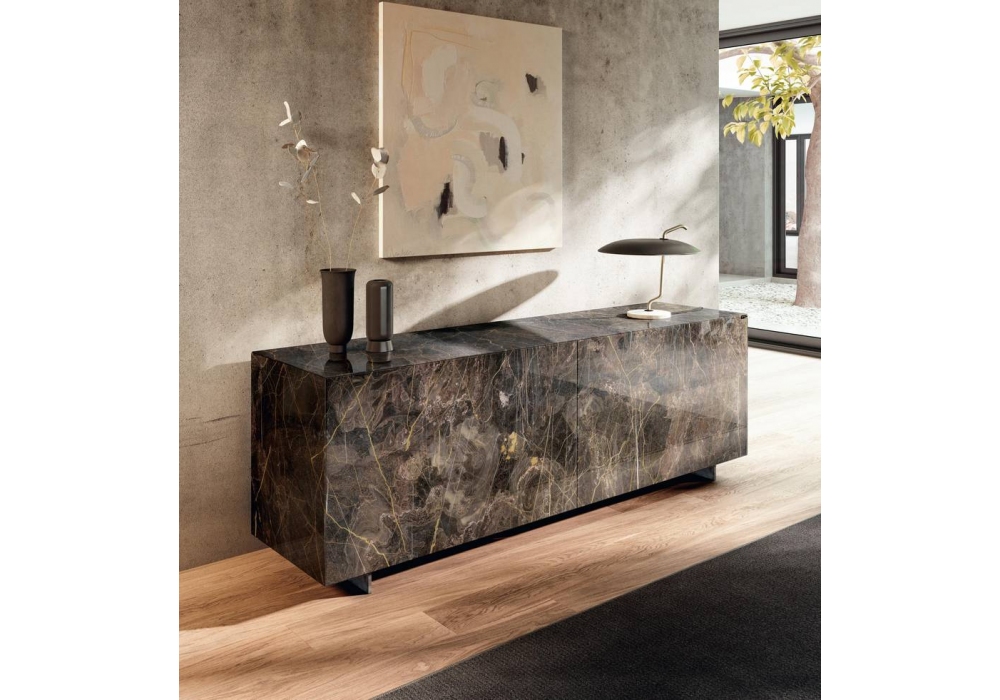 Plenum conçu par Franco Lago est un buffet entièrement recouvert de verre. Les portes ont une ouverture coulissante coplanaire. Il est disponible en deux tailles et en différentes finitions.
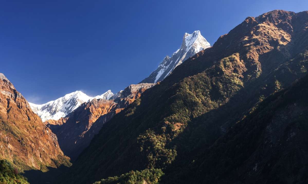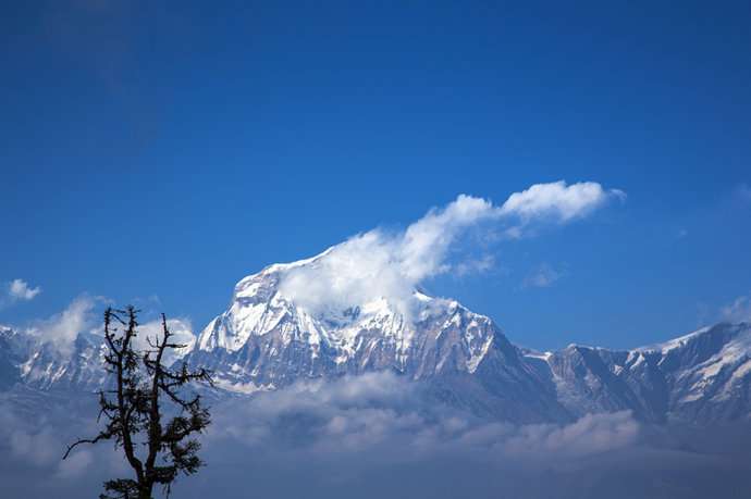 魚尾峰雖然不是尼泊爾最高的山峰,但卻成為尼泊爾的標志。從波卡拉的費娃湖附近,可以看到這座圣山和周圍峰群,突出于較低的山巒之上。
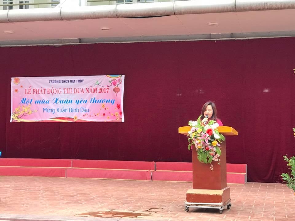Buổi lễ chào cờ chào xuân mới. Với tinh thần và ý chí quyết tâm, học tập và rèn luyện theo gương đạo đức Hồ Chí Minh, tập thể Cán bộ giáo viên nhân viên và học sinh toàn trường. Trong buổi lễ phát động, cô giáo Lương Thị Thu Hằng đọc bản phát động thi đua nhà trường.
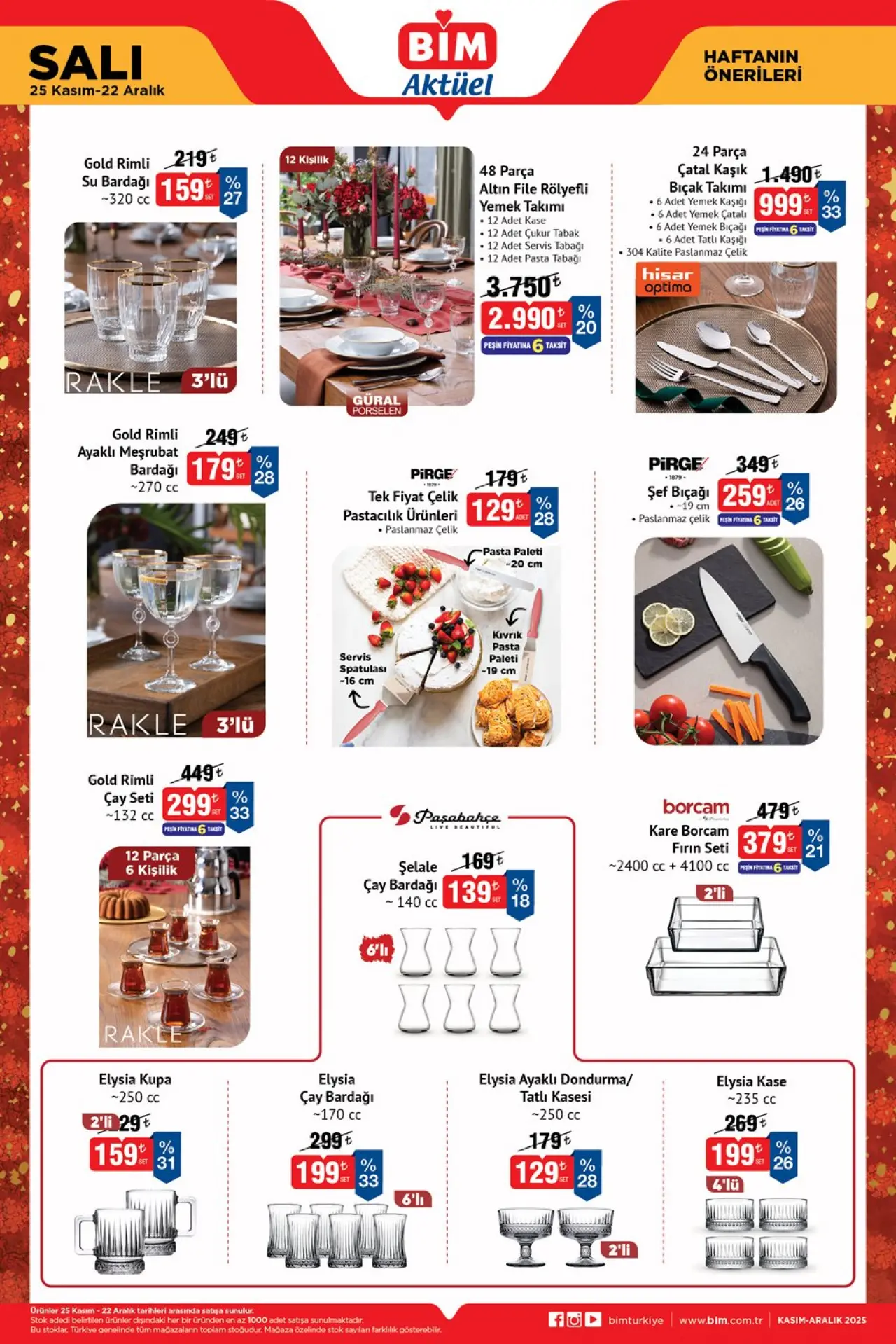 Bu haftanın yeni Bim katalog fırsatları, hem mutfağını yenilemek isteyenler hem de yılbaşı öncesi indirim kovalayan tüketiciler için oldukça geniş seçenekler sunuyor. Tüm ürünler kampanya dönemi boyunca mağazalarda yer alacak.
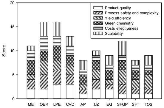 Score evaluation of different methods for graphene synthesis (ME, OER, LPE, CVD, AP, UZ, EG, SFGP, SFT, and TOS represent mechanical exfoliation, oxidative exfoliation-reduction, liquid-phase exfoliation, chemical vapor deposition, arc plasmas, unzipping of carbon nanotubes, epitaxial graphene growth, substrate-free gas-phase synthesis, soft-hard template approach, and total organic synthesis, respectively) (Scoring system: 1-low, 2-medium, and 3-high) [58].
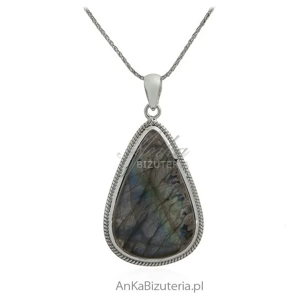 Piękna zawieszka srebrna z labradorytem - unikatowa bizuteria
* * *
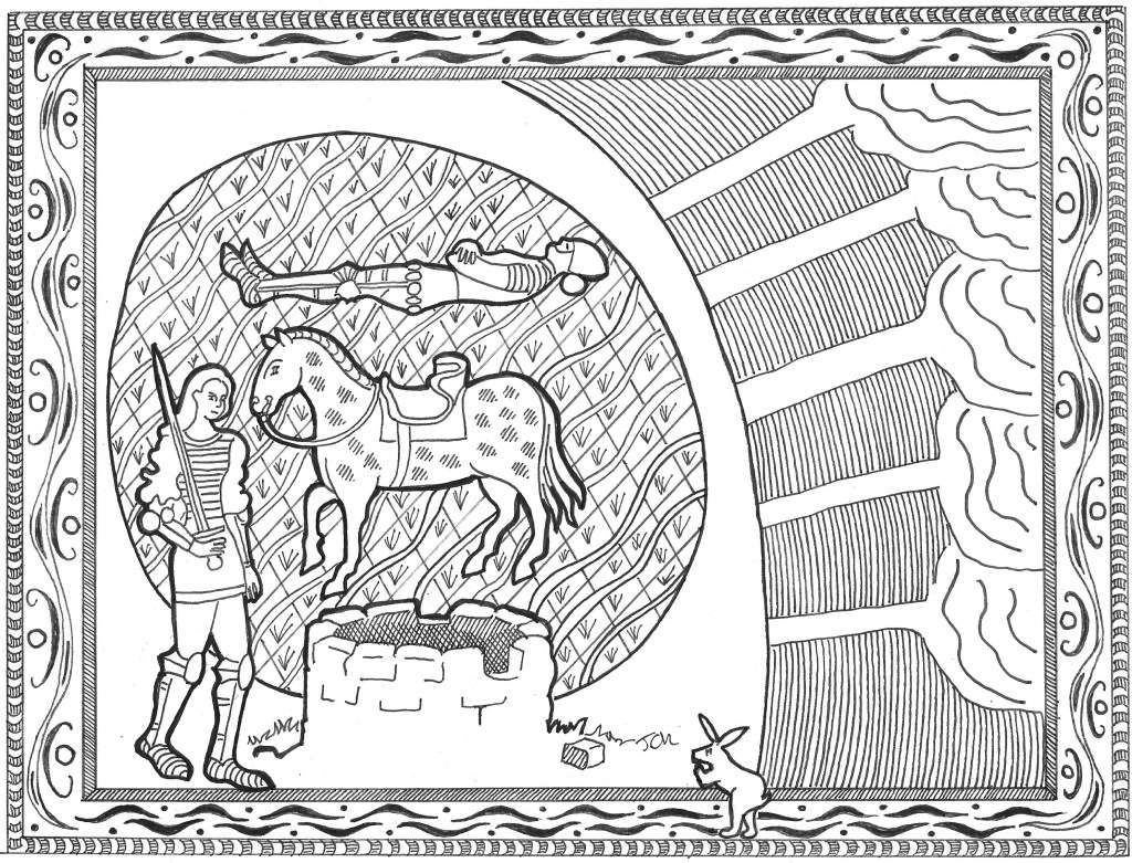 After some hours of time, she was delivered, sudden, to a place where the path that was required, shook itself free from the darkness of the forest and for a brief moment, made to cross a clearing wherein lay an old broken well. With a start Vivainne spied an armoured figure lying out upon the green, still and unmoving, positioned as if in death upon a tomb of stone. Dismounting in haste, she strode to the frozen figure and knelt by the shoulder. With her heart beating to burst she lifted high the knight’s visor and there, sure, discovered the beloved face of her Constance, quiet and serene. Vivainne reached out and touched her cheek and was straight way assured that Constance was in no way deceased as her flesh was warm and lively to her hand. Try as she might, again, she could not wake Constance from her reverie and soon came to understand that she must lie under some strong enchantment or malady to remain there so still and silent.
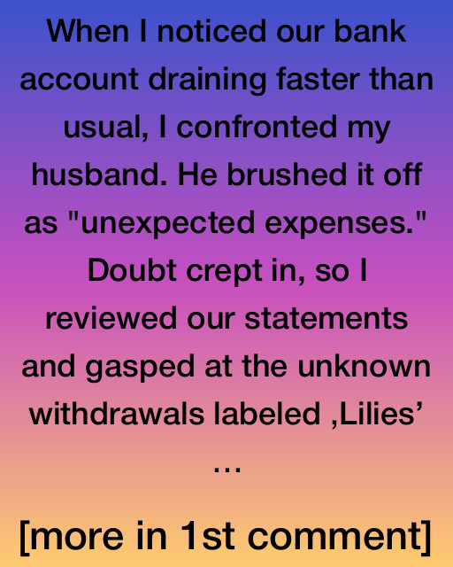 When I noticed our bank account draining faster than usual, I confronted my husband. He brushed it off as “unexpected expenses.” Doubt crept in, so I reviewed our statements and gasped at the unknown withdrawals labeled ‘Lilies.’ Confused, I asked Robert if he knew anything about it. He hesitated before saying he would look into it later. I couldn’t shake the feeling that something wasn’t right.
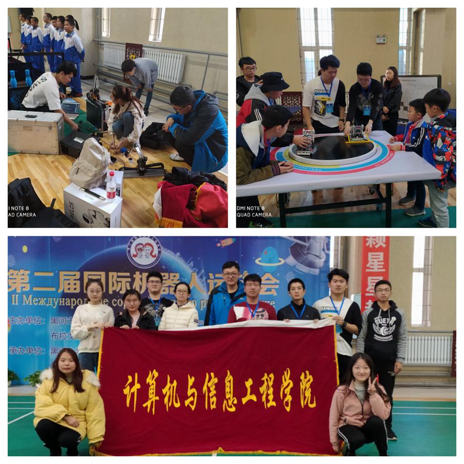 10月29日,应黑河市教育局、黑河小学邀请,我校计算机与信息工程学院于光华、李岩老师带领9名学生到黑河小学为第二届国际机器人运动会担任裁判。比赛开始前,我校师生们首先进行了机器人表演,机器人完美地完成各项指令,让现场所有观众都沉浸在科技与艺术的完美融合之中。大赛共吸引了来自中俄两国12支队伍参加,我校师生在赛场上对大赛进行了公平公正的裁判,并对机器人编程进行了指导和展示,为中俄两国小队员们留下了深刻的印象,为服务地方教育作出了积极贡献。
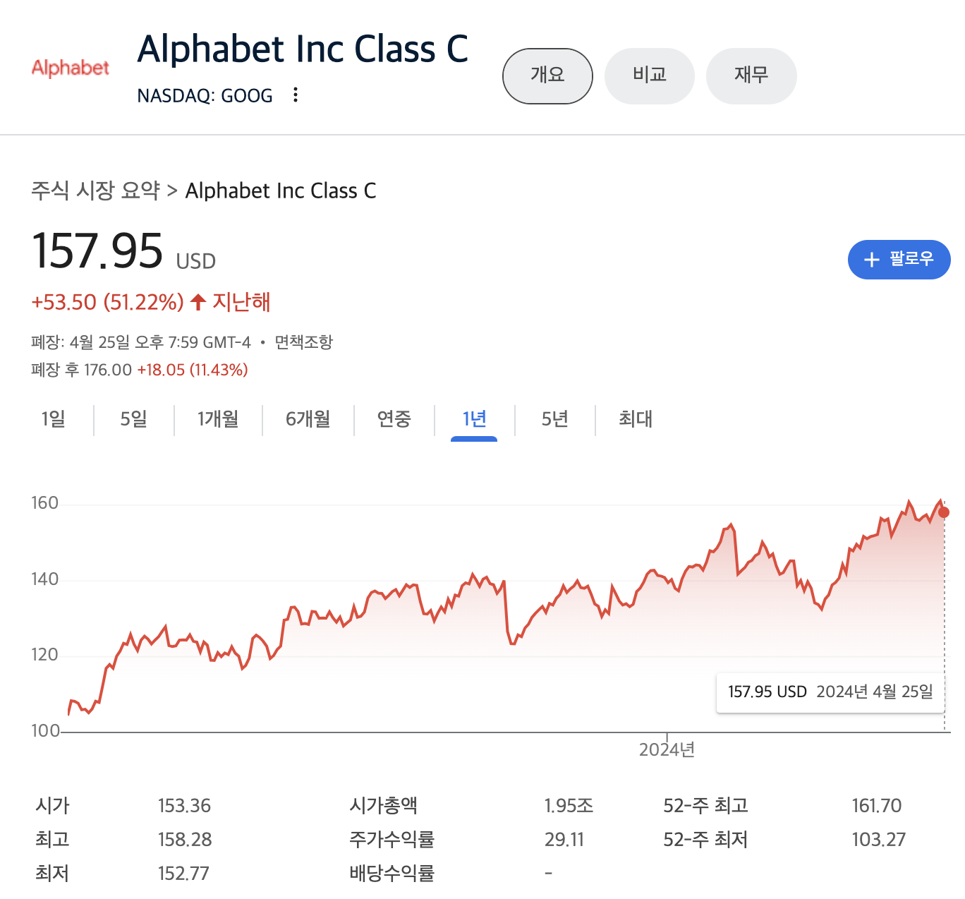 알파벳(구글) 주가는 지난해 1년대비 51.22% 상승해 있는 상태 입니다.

◆ **Your instructions**
Look above for the line with "Plenum conçu par"; quote it and every line after it, stopping after the line with "Bu haftanın yeni", exactly, with nothing added and without pictures.

◆ **Answer section**
 Plenum conçu par Franco Lago est un buffet entièrement recouvert de verre. Les portes ont une ouverture coulissante coplanaire. Il est disponible en deux tailles et en différentes finitions.
 魚尾峰雖然不是尼泊爾最高的山峰,但卻成為尼泊爾的標志。從波卡拉的費娃湖附近,可以看到這座圣山和周圍峰群,突出于較低的山巒之上。
Buổi lễ chào cờ chào xuân mới. Với tinh thần và ý chí quyết tâm, học tập và rèn luyện theo gương đạo đức Hồ Chí Minh, tập thể Cán bộ giáo viên nhân viên và học sinh toàn trường. Trong buổi lễ phát động, cô giáo Lương Thị Thu Hằng đọc bản phát động thi đua nhà trường.
 Bu haftanın yeni Bim katalog fırsatları, hem mutfağını yenilemek isteyenler hem de yılbaşı öncesi indirim kovalayan tüketiciler için oldukça geniş seçenekler sunuyor. Tüm ürünler kampanya dönemi boyunca mağazalarda yer alacak.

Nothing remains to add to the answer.